WHAT YOU ARE ASKED TO DO:
Repeat the lines of the data exactly and exclude any picture among them.

Records from a collection:
________
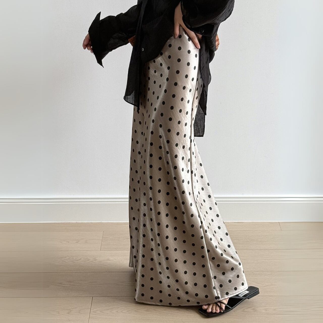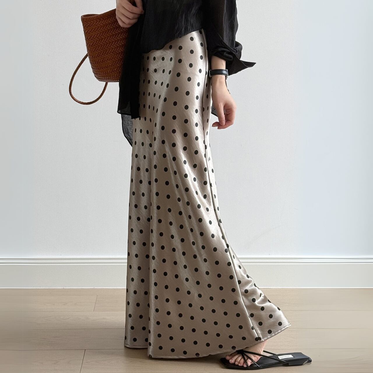 大人の可愛らしさを引き立てるドット柄が、シンプルながらも印象的な一枚です。
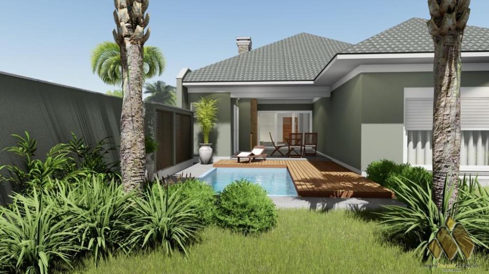 3 dorm, sendo uma suíte com closet, sala estar/jantar com lareira e cozinha integradas, espaço gourmet com churrasqueira, banheiro, lavanderia, garagem dois carros, pátio com piscina. Ótimo acabamento: piso porcelanato, aberturas externas em alumínio. Espera água quente, espera ar condicionado. Terreno: 13 x 30,25. Pátio fundos murado.
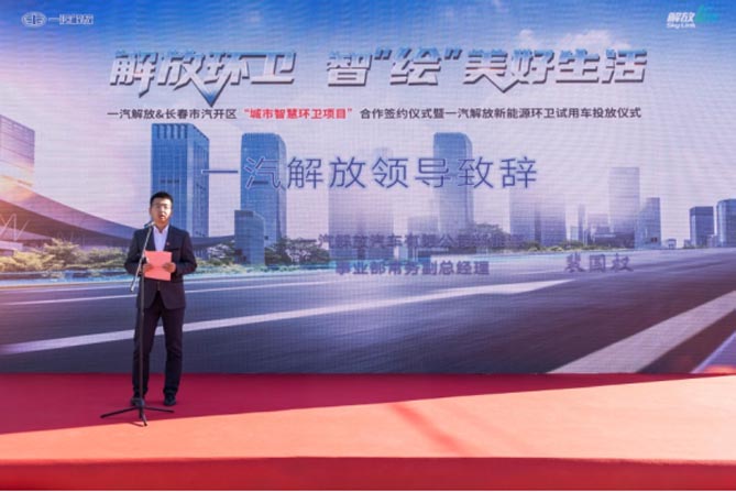 裴国权致辞表示:“一汽解放将继续坚持自主创新,坚持绿色发展,将以推动新能源汽车行业健康发展为重要使命,持续为用户创造价值,为社会创造财富,为国家的碧水蓝天贡献解放力量。同时,作为坐落在长春市的企业,解放一定会大力支持、助力长春市绿色转型发展,为加快吉林省公共领域电动化不遗余力贡献力量。”
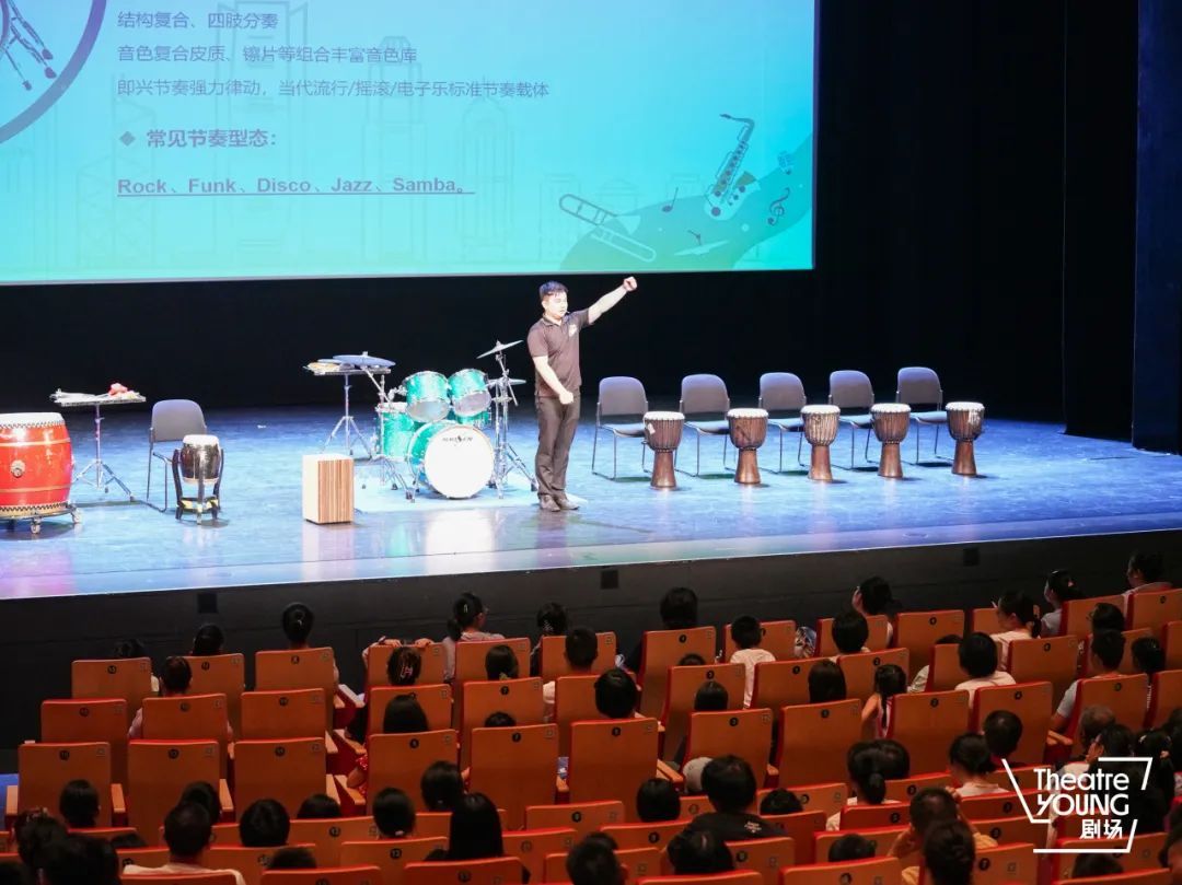 “大朋友、小朋友们,可以听出鼓声的区别吗?”大堂鼓的轰隆声如滚雷闷响,小堂鼓的清脆节奏似马蹄疾驰,爵士鼓豪迈奔放,木箱鼓活泼灵动,非洲鼓节奏轻快……舞台上,各式各样的鼓点交织成丰富的音乐画卷,台下的孩子们瞪大了眼睛,原本以为枯燥的鼓点,竟藏着乐手们的灵魂与故事。
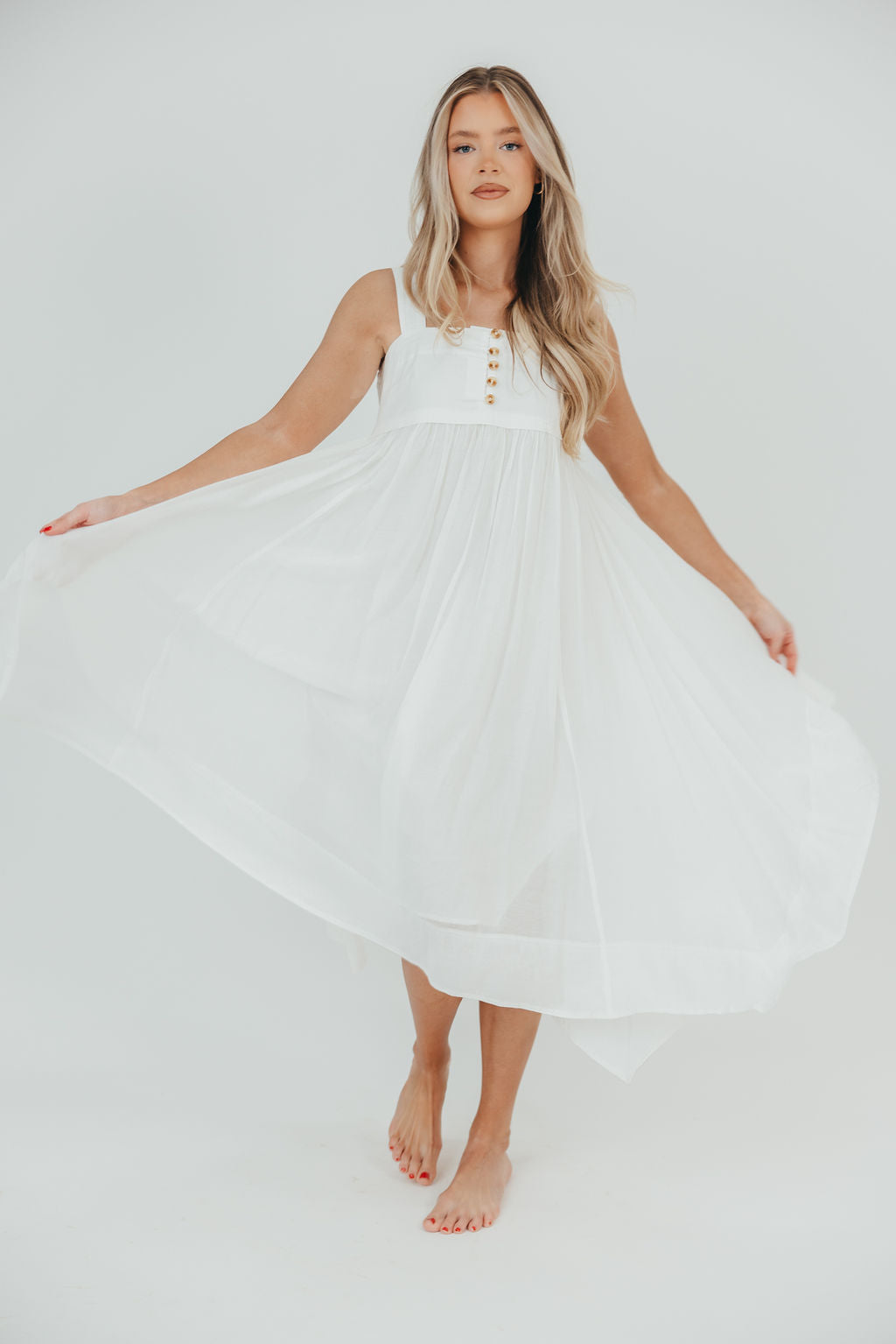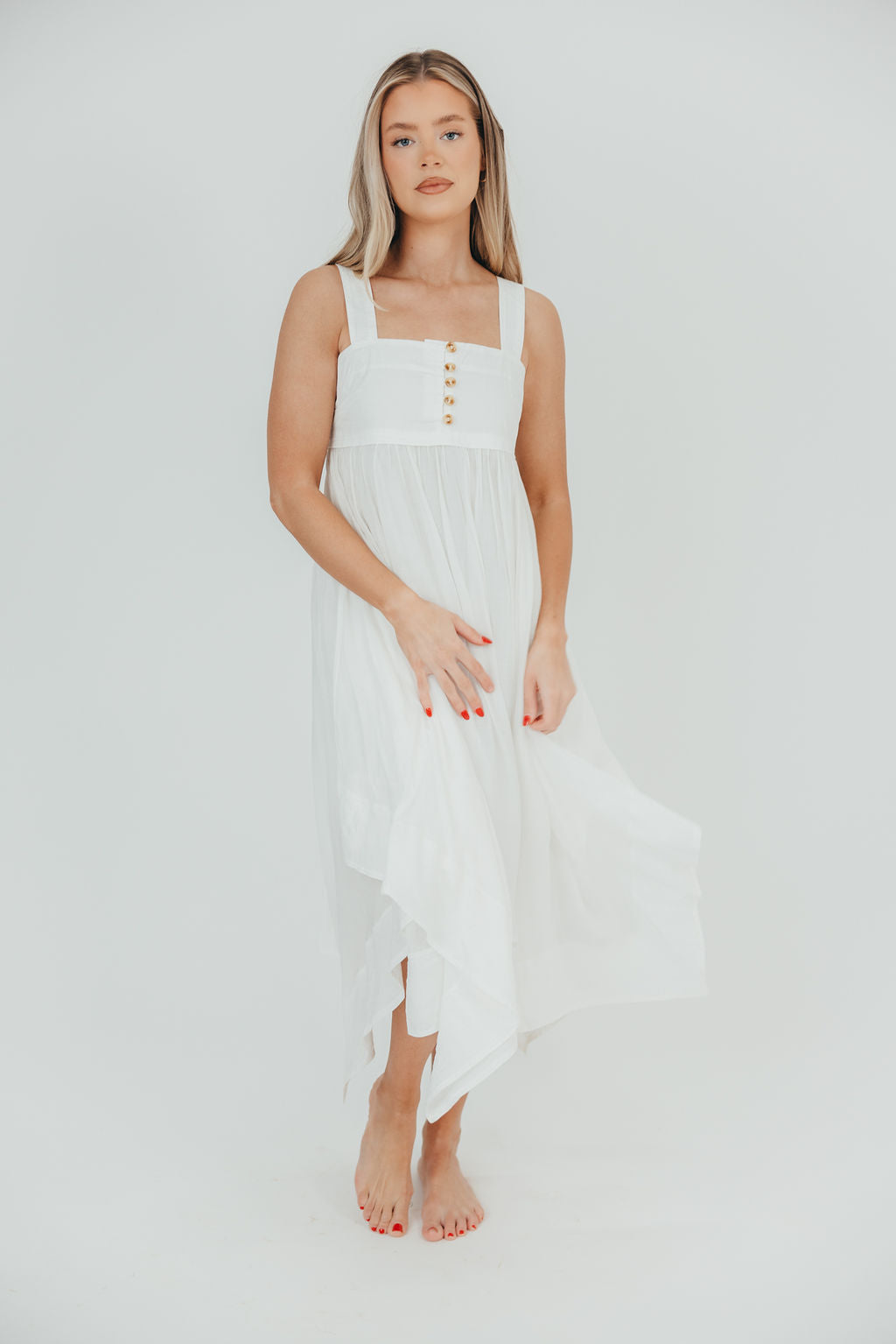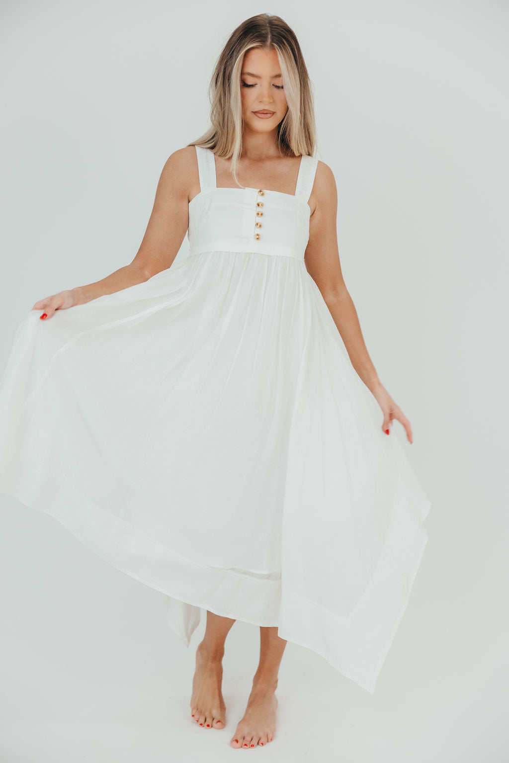 There are so many reasons to love this dress! The Ariella offers a crisp, lightweight poplin paired with a flattering square neckline, dainty tortoiseshell buttons, and a gorgeous handkerchief hemline. It's sweet and charming, and an absolutely elegant choice for summer soirées!
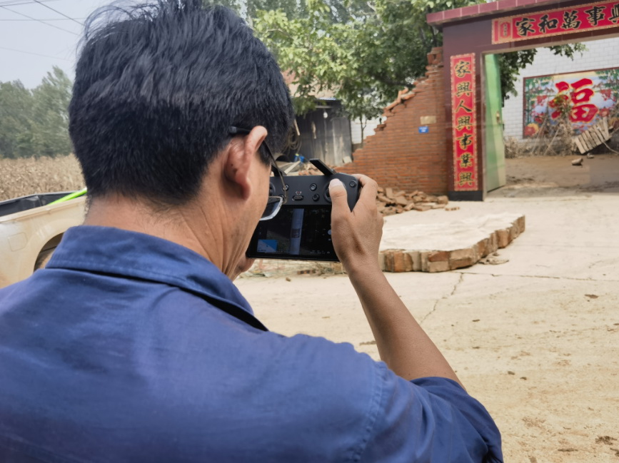 目前農(nóng)村部分地區(qū)水還未退,河北保定涿州供電公司刁窩供電所員工用無人機(jī)巡查倒桿情況,為接下來的重建做準(zhǔn)備。(陸暢)
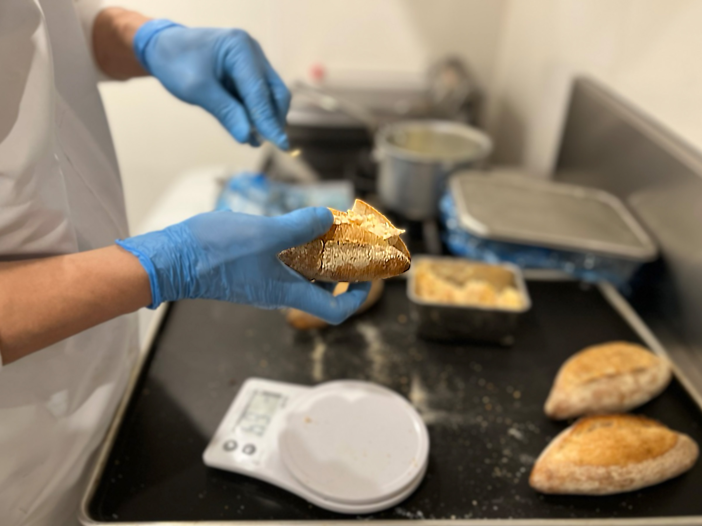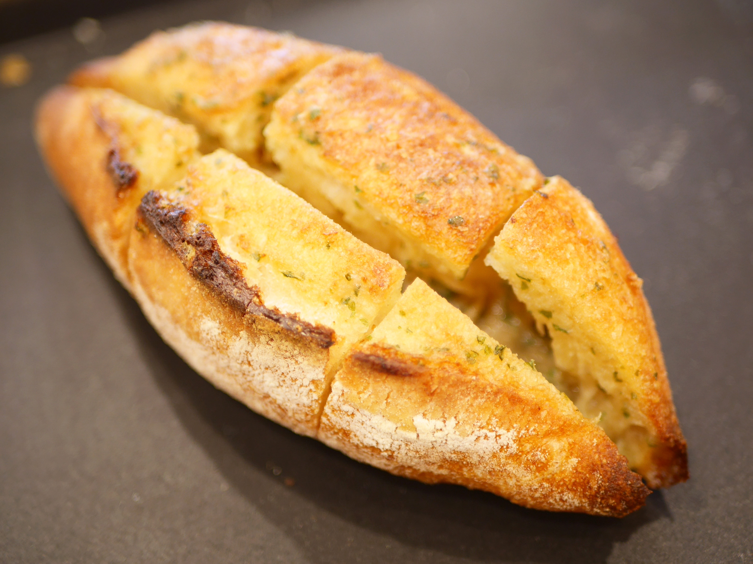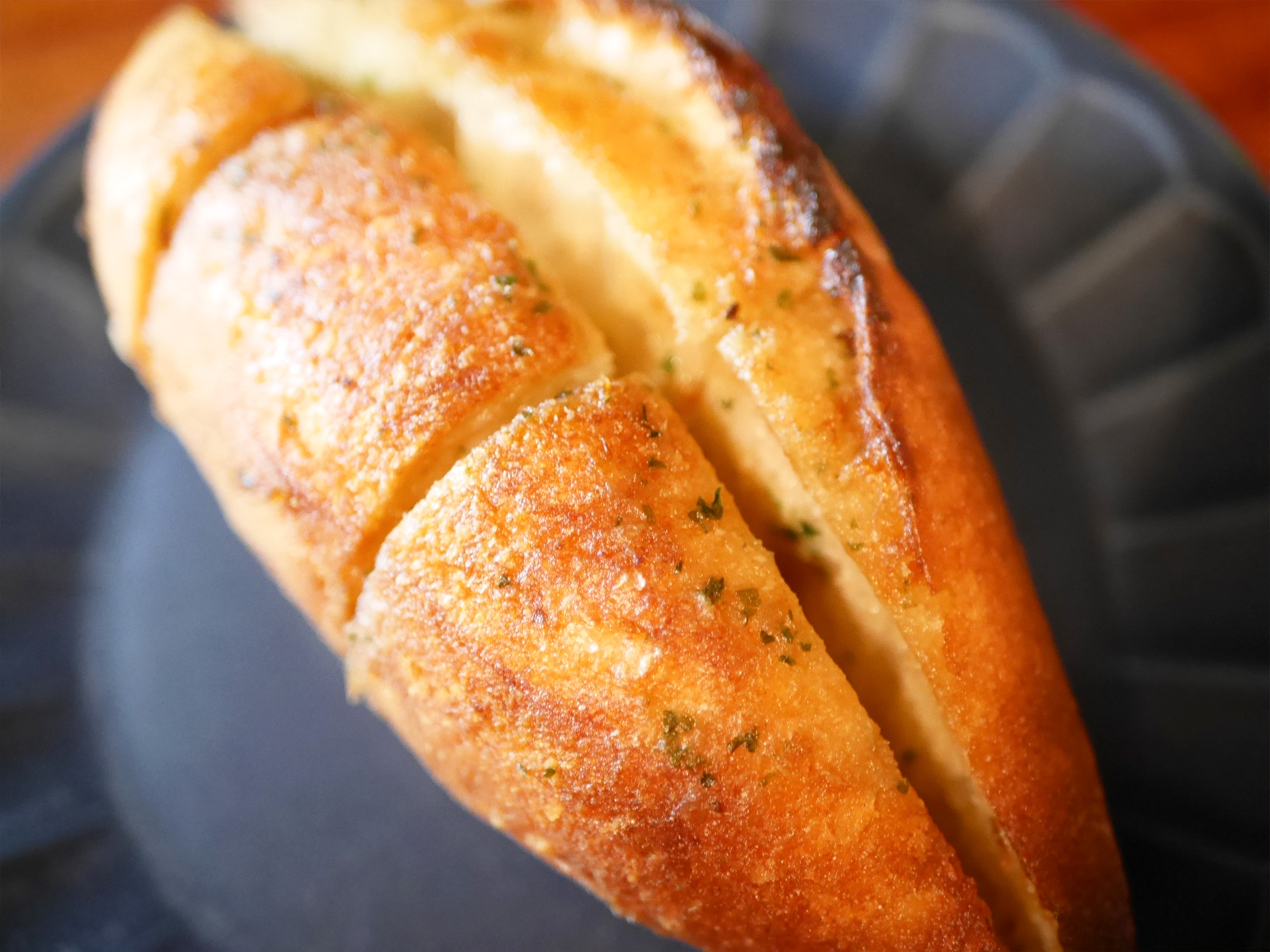 ニンニクを丁寧に煮込み、厳選したアンチョビとバターを合わせた自家製ペーストは、口に入れた瞬間ジュワッと広がり、塩気とコクが後を引きます。リベイクすれば香ばしさが増し、外皮のクラスト部の歯応えとバターが染みた中のクラム部のコントラストが楽しめます。
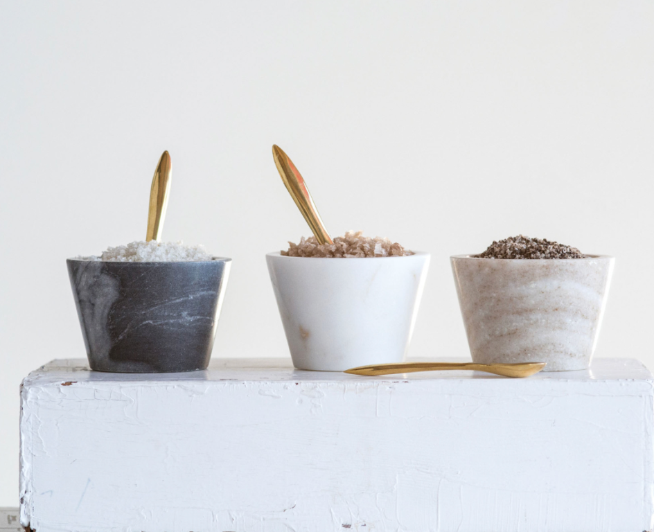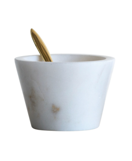 Spice up your kitchen this beautiful marble pinch pot. It comes with a brass spoon, adding a touch of elegance to your cooking routine. Perfect for sprinkling that extra bit of flavor on your dish. (And it'll look great on your countertop!)
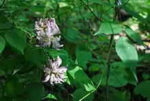 The vines may be up to 3 to 5 meters (10 to 16+1⁄2 feet) long. It has a large underground tuber, distinguishing it from other Apios species. The leaves are alternately arranged on the stem, about 20–30 centimetres (8–12 inches) long, and comprising seven leaflets. The fragrant pale pink or greenish-yellow pea-like flowers bloom in the summer.[2] The fruit is a long slender pod about 10 to 15 cm (4 to 6 in) long.
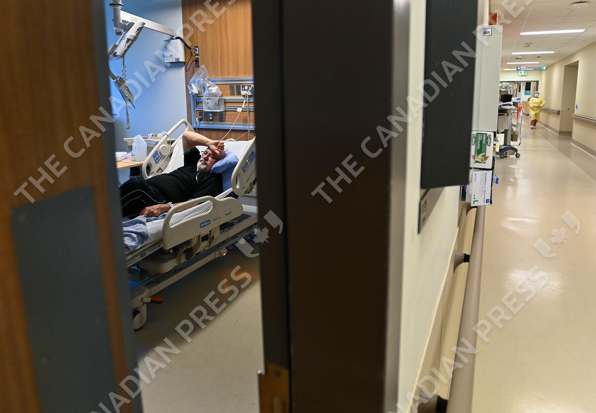 Jose Garcia, 67, receives oxygen in the respirology unit as he is battling COVID-19 at the Humber River Hospital during the COVID-19 pandemic in Toronto on Tuesday, April 13, 2021. THE CANADIAN PRESS/Nathan Denette
________
RESPONSE FOR THIS EXERCISE:
 大人の可愛らしさを引き立てるドット柄が、シンプルながらも印象的な一枚です。
 3 dorm, sendo uma suíte com closet, sala estar/jantar com lareira e cozinha integradas, espaço gourmet com churrasqueira, banheiro, lavanderia, garagem dois carros, pátio com piscina. Ótimo acabamento: piso porcelanato, aberturas externas em alumínio. Espera água quente, espera ar condicionado. Terreno: 13 x 30,25. Pátio fundos murado.
 裴国权致辞表示:“一汽解放将继续坚持自主创新,坚持绿色发展,将以推动新能源汽车行业健康发展为重要使命,持续为用户创造价值,为社会创造财富,为国家的碧水蓝天贡献解放力量。同时,作为坐落在长春市的企业,解放一定会大力支持、助力长春市绿色转型发展,为加快吉林省公共领域电动化不遗余力贡献力量。”
 “大朋友、小朋友们,可以听出鼓声的区别吗?”大堂鼓的轰隆声如滚雷闷响,小堂鼓的清脆节奏似马蹄疾驰,爵士鼓豪迈奔放,木箱鼓活泼灵动,非洲鼓节奏轻快……舞台上,各式各样的鼓点交织成丰富的音乐画卷,台下的孩子们瞪大了眼睛,原本以为枯燥的鼓点,竟藏着乐手们的灵魂与故事。
 There are so many reasons to love this dress! The Ariella offers a crisp, lightweight poplin paired with a flattering square neckline, dainty tortoiseshell buttons, and a gorgeous handkerchief hemline. It's sweet and charming, and an absolutely elegant choice for summer soirées!
 目前農(nóng)村部分地區(qū)水還未退,河北保定涿州供電公司刁窩供電所員工用無人機(jī)巡查倒桿情況,為接下來的重建做準(zhǔn)備。(陸暢)
 ニンニクを丁寧に煮込み、厳選したアンチョビとバターを合わせた自家製ペーストは、口に入れた瞬間ジュワッと広がり、塩気とコクが後を引きます。リベイクすれば香ばしさが増し、外皮のクラスト部の歯応えとバターが染みた中のクラム部のコントラストが楽しめます。
 Spice up your kitchen this beautiful marble pinch pot. It comes with a brass spoon, adding a touch of elegance to your cooking routine. Perfect for sprinkling that extra bit of flavor on your dish. (And it'll look great on your countertop!)
 The vines may be up to 3 to 5 meters (10 to 16+1⁄2 feet) long. It has a large underground tuber, distinguishing it from other Apios species. The leaves are alternately arranged on the stem, about 20–30 centimetres (8–12 inches) long, and comprising seven leaflets. The fragrant pale pink or greenish-yellow pea-like flowers bloom in the summer.[2] The fruit is a long slender pod about 10 to 15 cm (4 to 6 in) long.
 Jose Garcia, 67, receives oxygen in the respirology unit as he is battling COVID-19 at the Humber River Hospital during the COVID-19 pandemic in Toronto on Tuesday, April 13, 2021. THE CANADIAN PRESS/Nathan Denette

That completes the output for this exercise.